Gezimizin ikinci durağı ise Roma’nın güneyinde yer alan ve hem mimarisi hem de tarihsel bağlamıyla dikkat çeken EUR (Esposizione Universale di Roma) bölgesiydi. EUR 1930’larda Benito Mussolini tarafından faşist rejimin 20. yılını kutlamak amacıyla düzenlenmesi planlanan 1942 Dünya Fuarı için inşa edilmeye başlanan bir yerleşim ve iş merkezi alanı. Her ne kadar fuar savaş nedeniyle hiçbir zaman gerçekleşmemiş olsa da bölge dönemin ideolojik mimarisini temsil eden simgesel yapılarıyla tamamlanmış. Roma’nın dokusuna taban tabana zıt olan bu bölgenin en çarpıcı yapılarından biri olan ve halk arasında Kübik Kolezyum (Colosseo Quadrato) olarak anılan Palazzo della Civiltà Italiana faşist estetiğin modernist yorumlarından biri. 1938–1943 yılları arasında Giovanni Guerrini, Ernesto Bruno La Padula ve Mario Romano tarafından tasarlanan bu klasisist betonarme yapı kemerli cephesiyle antik Roma mimarisine göndermede bulunurken aynı zamanda faşist iktidarın yücelttiği düzen, sadelik ve büyüklük kavramlarını da yansıtır.

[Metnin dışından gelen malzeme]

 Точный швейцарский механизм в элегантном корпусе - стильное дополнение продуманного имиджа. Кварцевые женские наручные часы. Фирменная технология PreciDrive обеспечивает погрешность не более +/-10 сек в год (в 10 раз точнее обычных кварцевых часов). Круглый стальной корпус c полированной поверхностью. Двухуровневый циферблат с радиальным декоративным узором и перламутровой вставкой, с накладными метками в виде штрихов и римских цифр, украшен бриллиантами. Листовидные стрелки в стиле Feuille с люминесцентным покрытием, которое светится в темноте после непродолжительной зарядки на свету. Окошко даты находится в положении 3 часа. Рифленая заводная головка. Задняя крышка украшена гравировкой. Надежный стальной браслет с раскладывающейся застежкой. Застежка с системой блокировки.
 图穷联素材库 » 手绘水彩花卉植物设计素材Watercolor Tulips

Palazzo della Civiltà Italiana
Bugün bu anıtsal yapı tüm görkemiyle Fendi markasının genel merkezine ev sahipliği yapıyor. Binada yer alan arşivler, tasarım ofisleri ve kreatif departmanları ziyaret ederek tarihsel bir yapının çağdaş moda dünyasıyla nasıl bütünleştiğine tanıklık ettik. Fendi’nin bu ikonik binada yürüttüğü operasyon İtalyan mirasını sahiplenen, yeniden yorumlayan ve küresel bir sahneye taşıyan kültürel bir aktör olarak konumunu net bir şekilde ortaya koyuyor.

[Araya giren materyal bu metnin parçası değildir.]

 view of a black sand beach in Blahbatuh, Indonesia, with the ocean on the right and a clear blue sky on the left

Moda nesnesinden sanat eserine
Arşivlerde gezerken Fendi’nin sürdürülebilirlik ve zanaatkârlık alanında öncü projelerinden biri olan Hand to Hand (El Ele) inisiyatifi kapsamında kullanılan tekniklere dair somut örneklerle karşılaştık. Dantel, batik, taş ve boncuk işlemeciliği, makrome ve dokuma gibi geleneksel el sanatlarının ustalıkla harmanlandığı bu teknikler, projeye katılan zanaatkârların bilgi ve deneyimlerinin yaşatılması için temel oluşturuyor. Bu tekniklerle üretilen ikonik Fendi çantaları sadece birer moda objesi değil, aynı zamanda kültürlerarası diyalogu ve nesiller arası bağları güçlendiren canlı birer sanat eseri niteliği taşıyor.
Lüks moda sektörüne mensup dünya çapındaki markaların elde ettiği gelirlerin bir kısmını çağdaş sanat projelerine ayırması kültürel üretimin sürdürülebilirliği açısından büyük önem taşıyor. Günümüzde özellikle İtalya’daki küresel moda devleri sanatla ilişkilerini yalnızca görsel bir tamamlayıcı olarak görmekten öteye taşıyarak marka kimliklerini derinleştiren ve toplumsal sorumluluklarını yansıtan stratejik bir araç olarak konumlandırıyorlar. Bu kapsamda çağdaş sanat projeleri, müzelerle gerçekleştirilen iş birlikleri, sanatçı rezidansları ve küratöryel sergiler gibi platformlarla hem kültürel üretime katkı sağlıyor hem de sanatçılara ve yaratıcı topluluklara finansal kaynak, görünürlük ve geniş kitlelere ulaşma imkânı sunuyorlar. Bu karşılıklı beslenme ilişkisi moda endüstrisinin sınırlarını sanatla kesiştirerek genişletiyor, sanatın erişilebilirliğini arttırıyor ve moda sadece bir tüketim nesnesi olmaktan çıkıp toplumsal ve kültürel bir iletişim aracı hâline geliyor. Dilerim ülkemizin de endüstri kuruluşları ve moda devlerinin sahipleneceği bu tip projeleri daha sık görmeye başlarız.